2. For single pie crust, form the dough into a ball. You can also divide the dough into two for the double crust. Afterward, you can flatten it into a half inch thick round disk.TIP:Wrap the dough in a plastic wrapper so you can quickly run it. You also have to chill it for half an hour or up to 2 days.
3. Roll the moist and chilled dough into a circle from the center outward. The bottom crust should be 2 inches wider than the plate which is rolled over a lightly floured surface. For the double crust pie, you can roll a larger ball of dough. After rolling, you can transfer to a pie plate.
4. Cut the edges of the dough leaving ¾ inch overhand for single pie crust. Fold the edge under and crease it.
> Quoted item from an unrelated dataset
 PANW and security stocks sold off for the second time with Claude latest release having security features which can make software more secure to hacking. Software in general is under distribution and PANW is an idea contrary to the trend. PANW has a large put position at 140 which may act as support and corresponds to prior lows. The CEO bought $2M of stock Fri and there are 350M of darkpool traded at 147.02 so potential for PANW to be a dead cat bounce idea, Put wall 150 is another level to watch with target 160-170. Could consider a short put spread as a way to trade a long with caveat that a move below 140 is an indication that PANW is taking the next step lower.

Bake it following the specific baking directions.
5. Roll disk for the bottom crust of the double pie crust. Trim the edges of the dough just as even as with the side of a cake plate. Fill the pie crust according to the recipe directions and roll out remaining dough disk. Carefully transfer the dough onto the filled pie and cut the edges with ¾ inch overhanging edges. Fold the top edge under bottom crust and seal it as you press the edges.
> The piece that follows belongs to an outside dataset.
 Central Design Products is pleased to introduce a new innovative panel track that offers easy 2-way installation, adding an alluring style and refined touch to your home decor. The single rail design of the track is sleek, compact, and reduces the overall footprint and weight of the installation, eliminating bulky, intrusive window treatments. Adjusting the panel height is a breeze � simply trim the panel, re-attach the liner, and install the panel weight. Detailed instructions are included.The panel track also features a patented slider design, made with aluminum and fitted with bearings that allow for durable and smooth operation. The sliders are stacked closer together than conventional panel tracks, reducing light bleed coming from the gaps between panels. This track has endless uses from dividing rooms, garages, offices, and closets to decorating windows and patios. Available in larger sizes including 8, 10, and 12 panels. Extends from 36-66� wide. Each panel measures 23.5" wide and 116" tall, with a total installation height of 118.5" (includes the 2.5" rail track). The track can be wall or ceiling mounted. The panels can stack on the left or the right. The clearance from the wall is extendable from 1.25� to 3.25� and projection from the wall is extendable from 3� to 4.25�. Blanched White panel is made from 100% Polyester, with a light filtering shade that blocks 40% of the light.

You can either cut the slits in the top crust of prick it with a fork to let the steam out. Afterward, put it in the oven for baking.Pre-Baking Pie Crusts (Cream Pies):
6. Using a fork, gently prick the bottom and sides of the unbaked pie dough. Bake the pie crust at 425 degrees Fahrenheit temperature for 10 to 20 minutes. If the edges and bottom are already golden brown, that’s a ready to go.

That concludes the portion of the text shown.